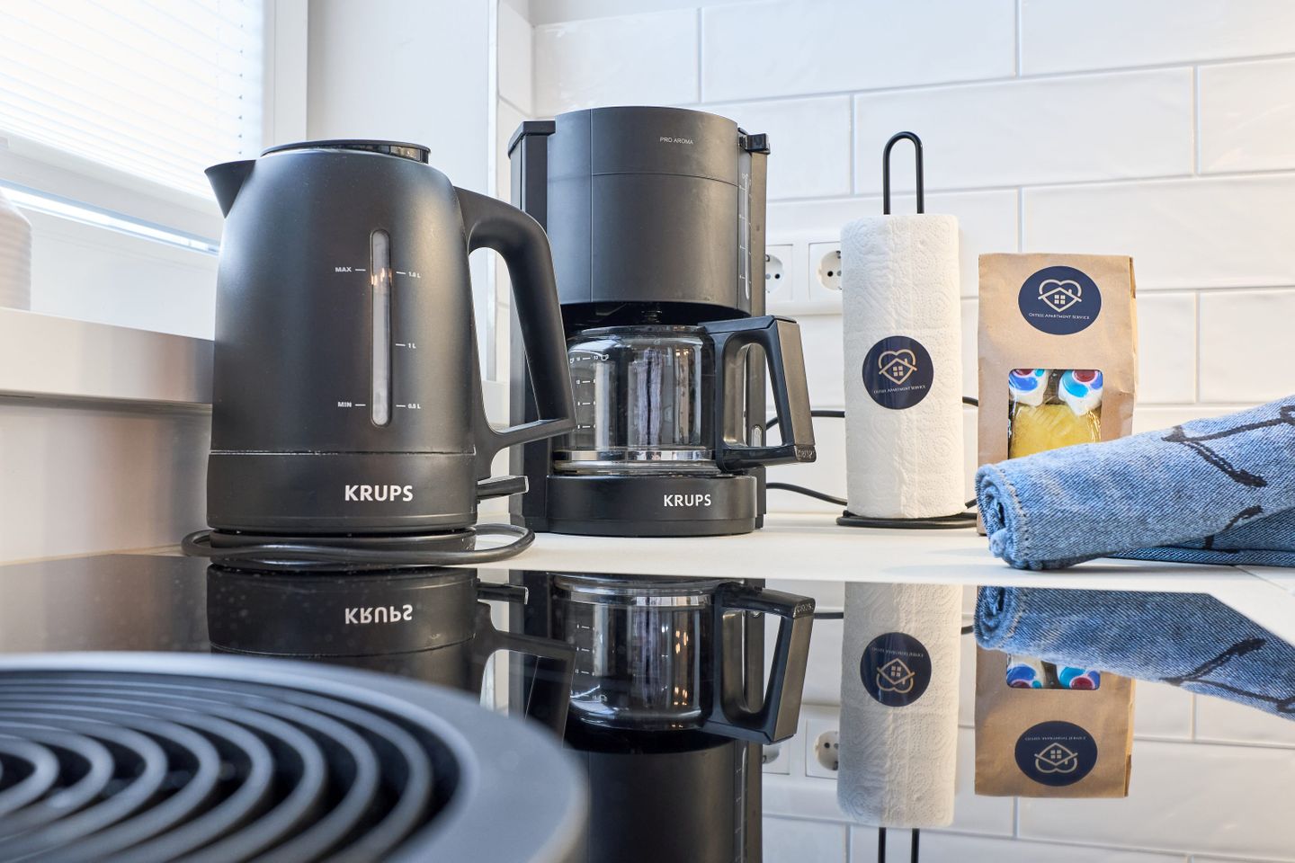 Die exklusive, geschmackvoll modern eingerichtete Ferienwohnung Sail Away bietet auf großzügigen 100 qm Platz für bis zu 8 Personen und ist ideal für Familien und Freundesgruppen, die sich ein hochwertiges Wohnerlebnis wünschen. Der helle Wohnbereich lädt mit einer gemütlichen Schlafcouch (140x200 cm), einem 50-Zoll-Smart-TV und einem großen Essbereich zu entspannten Stunden ein. Die Küche ist bestens ausgestattet, um mit Leichtigkeit leckere Mahlzeiten zu zaubern, darunter eine Nespresso- und eine Filterkaffeemaschine sowie Toaster, Wasserkocher, Mikrowelle und Ofen.
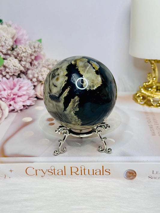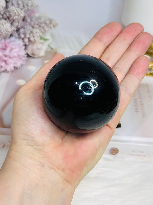 Large Black Obsidian Sphere on Stand 327g
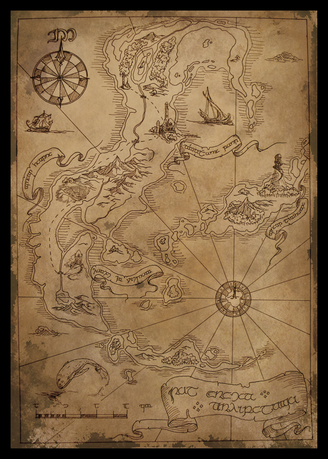 Sama mapa bardzo ładna, tylko ten kompas w prawym rogu... Klimatyczny element, ale jest jakiś nieco... Płaski? Wychodzi poza mapę, a mimo to wygląda jak namalowany. Deski pod spodem sprawiają równie płaskie i pozbawione głębi wrażenie, ale to chyba jedyne duże wady tej pracy od strony technicznej i dotyczą bardziej tła
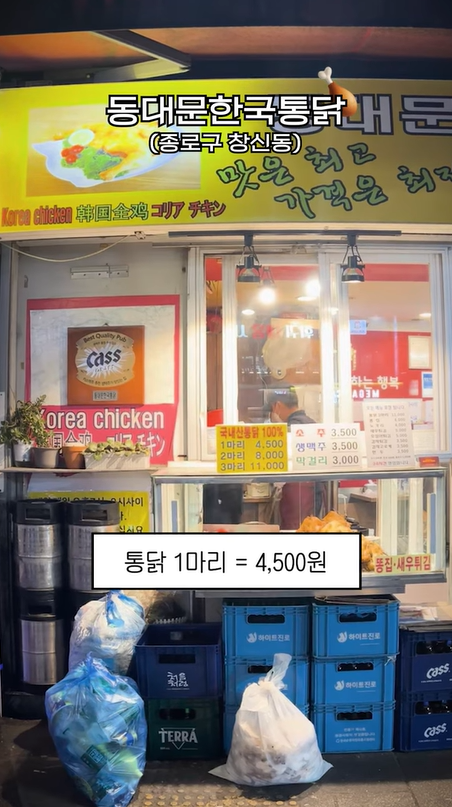 동대문역에서 단 1분 거리에 위치한 ‘동대문한국통닭’입니다. 2026년이라는 숫자가 무색하게 이곳의 통닭 한 마리 가격은 무려 4,500원입니다. 요즘 프랜차이즈 치킨 한 마리가 3만 원대에 육박하는 현실을 생각하면, 이곳은 그야말로 ‘가성비의 성지’라고 불릴 만한 것 같은데요! 이 때문인지, 저희가 방문했을 때도 이미 매장 안은 빈자리 하나 없이 만석이었다고 합니다 😅
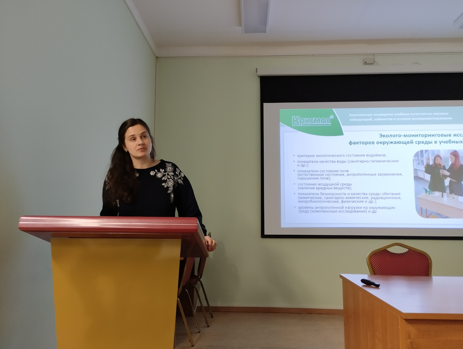 Алла Геннадьевна выступила с докладом на тему «Возможности проведения реальных практических исследований в окружающей среде в сочетании с инструментами цифровой дидактики».
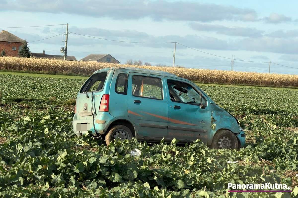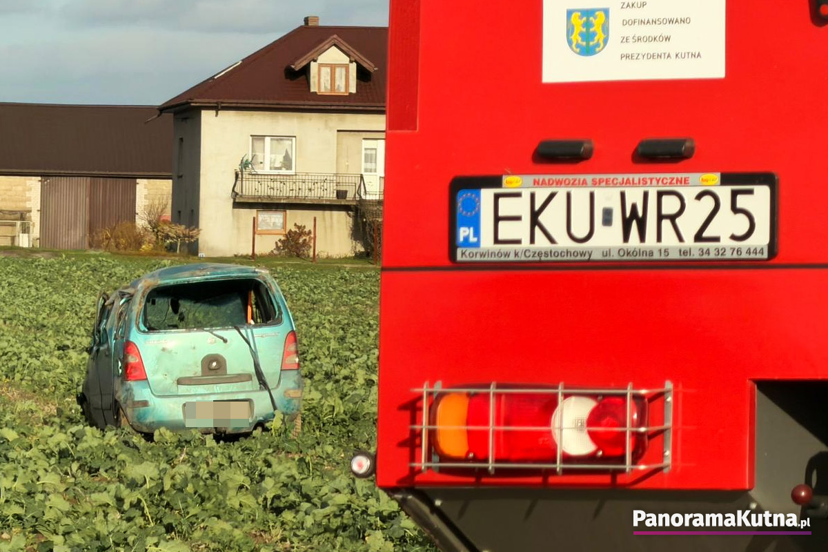 Około godziny 13:30 do dyżurnego Komendy Powiatowej Państwowej Straży Pożarnej w Kutnie wpłynęło zgłoszenie o poważnym wypadku. W miejscowości Kamienna w gminie Oporów z nieznanych przyczyn z drogi wypadł samochód i dachował. Pojazdem podróżowało dwóch mężczyzn, a jeden z nich z obrażeniami został przetransportowany do szpitala w Kutnie.
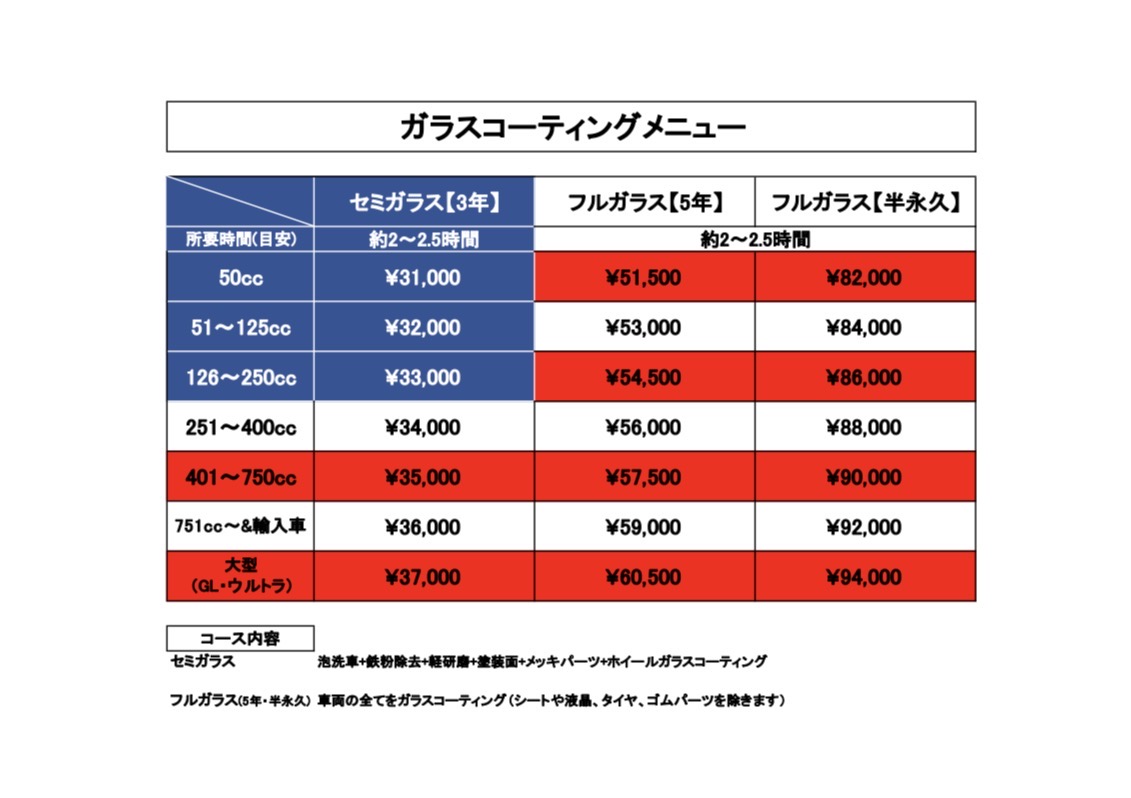 大きく分けて、持続期間と施工範囲、施工方法の3点になります。持続期間はセミガラスが約3年に対し、フルガラスが 約5年or半永久的に持続します。施工範囲はセミガラスが塗装面やメッキパーツ・ホイールなどに対し、フルガラスは細部含む車両全体になります。施工方法はセミガラスがスポンジで塗り込み、フルガラスはスプレーガンで吹き付けます。

◆ ◆ ◆ ◆

## Problem to solve
Apart from its pictures, the material above should be repeated exactly.

## Worked solution
 Die exklusive, geschmackvoll modern eingerichtete Ferienwohnung Sail Away bietet auf großzügigen 100 qm Platz für bis zu 8 Personen und ist ideal für Familien und Freundesgruppen, die sich ein hochwertiges Wohnerlebnis wünschen. Der helle Wohnbereich lädt mit einer gemütlichen Schlafcouch (140x200 cm), einem 50-Zoll-Smart-TV und einem großen Essbereich zu entspannten Stunden ein. Die Küche ist bestens ausgestattet, um mit Leichtigkeit leckere Mahlzeiten zu zaubern, darunter eine Nespresso- und eine Filterkaffeemaschine sowie Toaster, Wasserkocher, Mikrowelle und Ofen.
 Large Black Obsidian Sphere on Stand 327g
 Sama mapa bardzo ładna, tylko ten kompas w prawym rogu... Klimatyczny element, ale jest jakiś nieco... Płaski? Wychodzi poza mapę, a mimo to wygląda jak namalowany. Deski pod spodem sprawiają równie płaskie i pozbawione głębi wrażenie, ale to chyba jedyne duże wady tej pracy od strony technicznej i dotyczą bardziej tła
 동대문역에서 단 1분 거리에 위치한 ‘동대문한국통닭’입니다. 2026년이라는 숫자가 무색하게 이곳의 통닭 한 마리 가격은 무려 4,500원입니다. 요즘 프랜차이즈 치킨 한 마리가 3만 원대에 육박하는 현실을 생각하면, 이곳은 그야말로 ‘가성비의 성지’라고 불릴 만한 것 같은데요! 이 때문인지, 저희가 방문했을 때도 이미 매장 안은 빈자리 하나 없이 만석이었다고 합니다 😅
 Алла Геннадьевна выступила с докладом на тему «Возможности проведения реальных практических исследований в окружающей среде в сочетании с инструментами цифровой дидактики».
 Około godziny 13:30 do dyżurnego Komendy Powiatowej Państwowej Straży Pożarnej w Kutnie wpłynęło zgłoszenie o poważnym wypadku. W miejscowości Kamienna w gminie Oporów z nieznanych przyczyn z drogi wypadł samochód i dachował. Pojazdem podróżowało dwóch mężczyzn, a jeden z nich z obrażeniami został przetransportowany do szpitala w Kutnie.
 大きく分けて、持続期間と施工範囲、施工方法の3点になります。持続期間はセミガラスが約3年に対し、フルガラスが 約5年or半永久的に持続します。施工範囲はセミガラスが塗装面やメッキパーツ・ホイールなどに対し、フルガラスは細部含む車両全体になります。施工方法はセミガラスがスポンジで塗り込み、フルガラスはスプレーガンで吹き付けます。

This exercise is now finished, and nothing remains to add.